Parachutes are usually soft fabric devices whose shapes have
been designed to produce, upon deployment, a retarding force for
the purpose of slowing and/or stabilising a given payload during
its movement through the air. The word parachute itself
comes from the combination of the French words parare, to
protect or shield, and chute, the fall; the combination of
words in ‘parachute' actually means "fall protection". The
main design criteria are that when stowed it should have minimal
mass and occupy minimal space, and upon deployment it should
reliably open within an acceptable time frame with acceptable
transitional loads, and provide the desired rate of descent with an
acceptable level of stability.

In the development of this Item it has been borne in mind that
the end user would most likely be an aeronautical engineer or
student with little or no previous knowledge of parachute
aerodynamics or design. The aim is to provide such a reader with a
basic grounding of the aerodynamic principles of parachutes and
some familiarisation with the design solutions that have been
executed to date. The Item does not aim to be a design guide; the
design process is one which involves much multi-disciplinary
knowledge, of which aerodynamics is just one component; structural
considerations, weight, packaging, operational requirements and
cost may all have a strong, if not decisive, bearing on the final
outcome.

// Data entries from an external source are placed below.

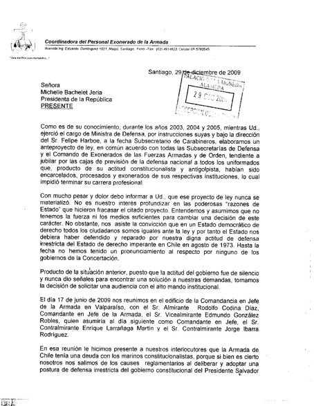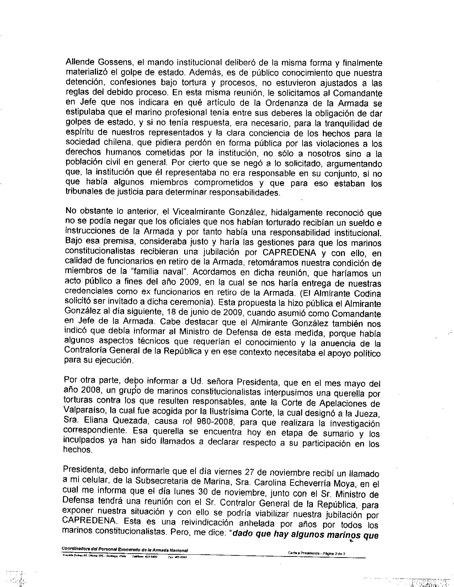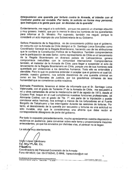Fue entonces cuando Víctor López recibió una llamado de la entonces subsecretaria Marina de Michelle Bachelet, Carolina Echeverría. Esta lo presiona para que, a cambio de la jubilación, los marinos antigolpistas retiren la querella por torturas contra la Armada. La directiva de la Asociación de marinos convoca una conferencia de prensa para denunciar las presiones de la subsecretaria. Clarín fue el único órgano de prensa que cubrió la noticia y publicó la carta firmada por Víctor López (más abajo).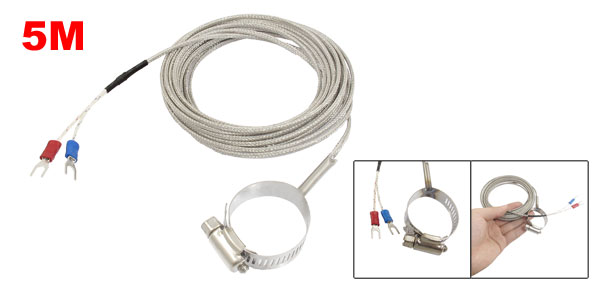0-400C K Type Temperature Sensors Thermocouple 5 Meter w 1.4" Clamp Hoop Probe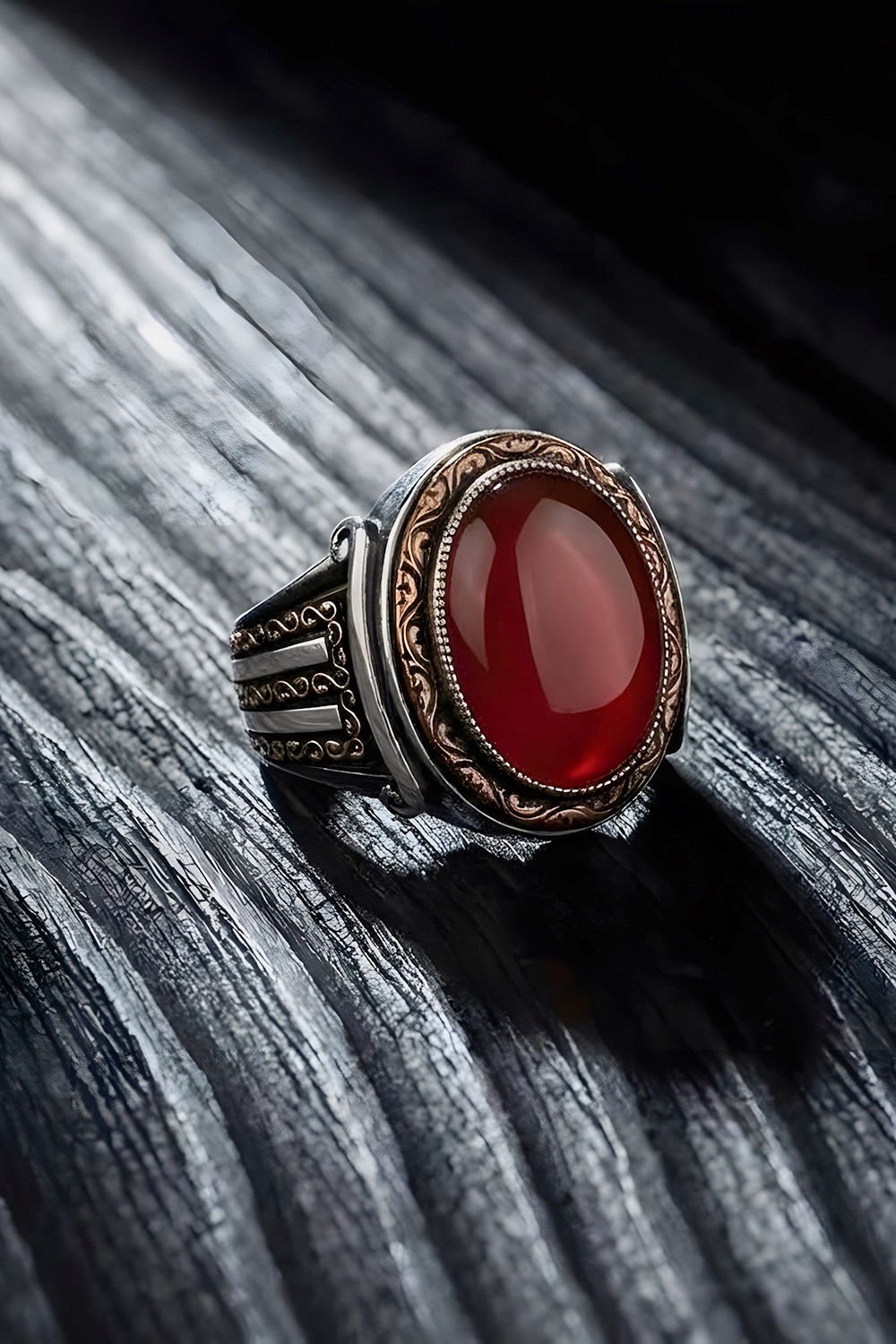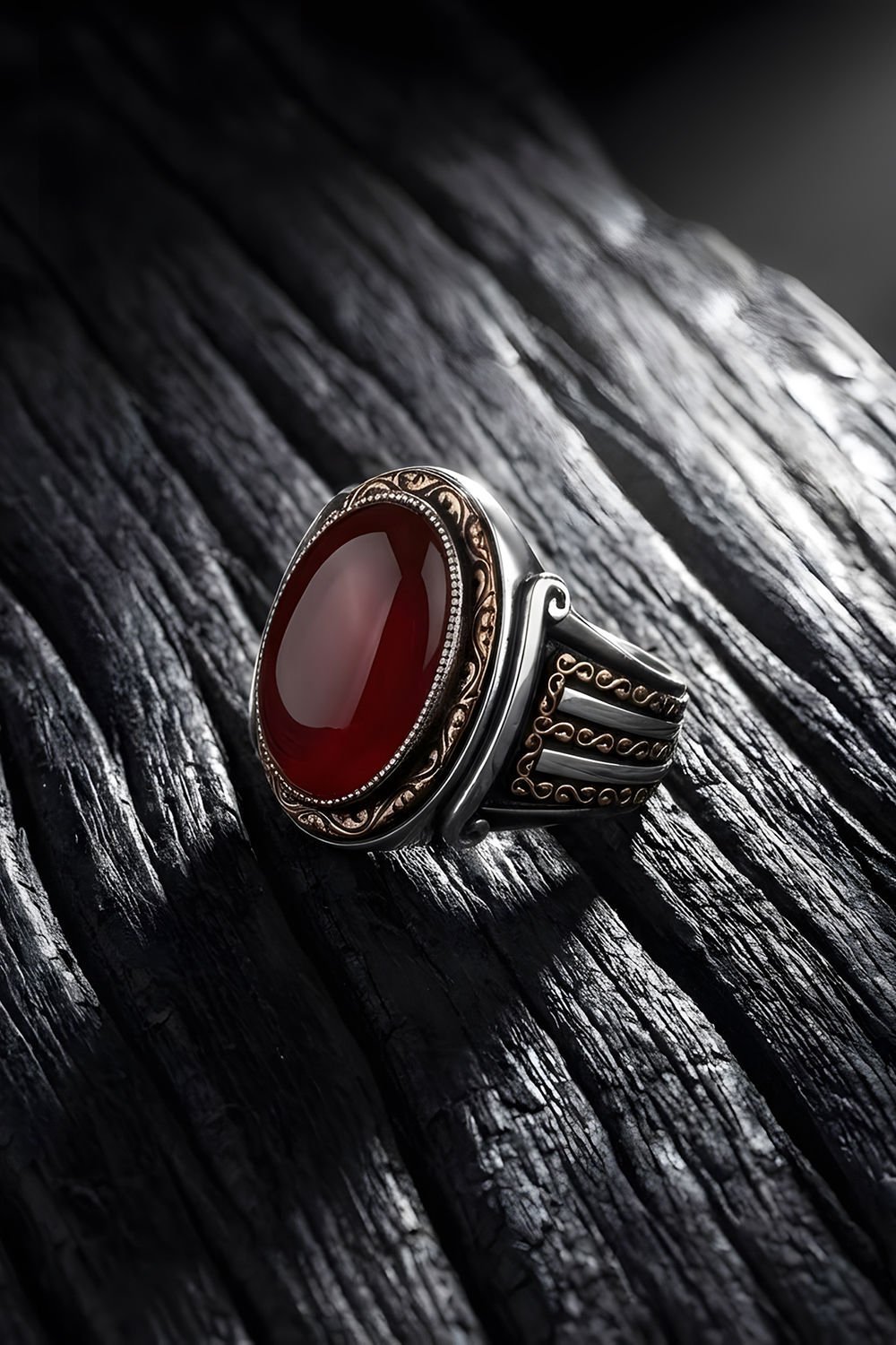 Doğal Akik Şifası: Manevi huzur, sabır ve koruma sağladığına inanılan Doğal Akik, yüzüğün kalbinde tüm doğal ışıltısıyla yer alır. Her bir taşın kendine has hare yapısı ve sıcak tonları, yüzüğünüzü size özel bir parmak izine dönüştürür.

Furthermore, it is clear that parachute systems tend to be
rather individualistic in nature and evolve largely from extensive
experimental programmes, both captive and free flight, together
with large computer models and, in some instances, CFD
simulation.

The design and development of most parachute systems is in fact
undertaken by a small number of specialist organisations and
practitioners, whose publications, both corporate and personal, are
the sources of information contained herein. The aim of this Item
is to provide a basic introduction into this highly specialised
field, with emphasis on applications relating to the airframe
industry, not only as an introductory overview but in two
particular areas that have been identified as most likely to be of
interest; the choice and sizing of aircraft braking and spin
recovery parachutes. Although far from exhaustive, these subjects
are covered in sufficient detail to offer some basic canopy size
and selection guidance.

Section 3 provides a brief historical résumé of parachute design
and usage to the present day. Section 4 outlines the main parachute
designs and provides basic aerodynamic, geometric and performance
data for each type; it also provides definitions of the main
geometric and aerodynamic parameters. Section 5 covers the effects
of the main flow and geometric parameters and Section 6 describes
the inflation process and drag area control methods, cluster
parachute systems and pilot parachutes. Section 7 provides an
introduction to stability, the added mass approximation and
trajectory analysis, and Section 8 covers the specific applications
of parachutes to vehicle braking, spin and deep stall recovery,
ordnance stabilisation, emergency escape systems, supersonic
deceleration and load extraction.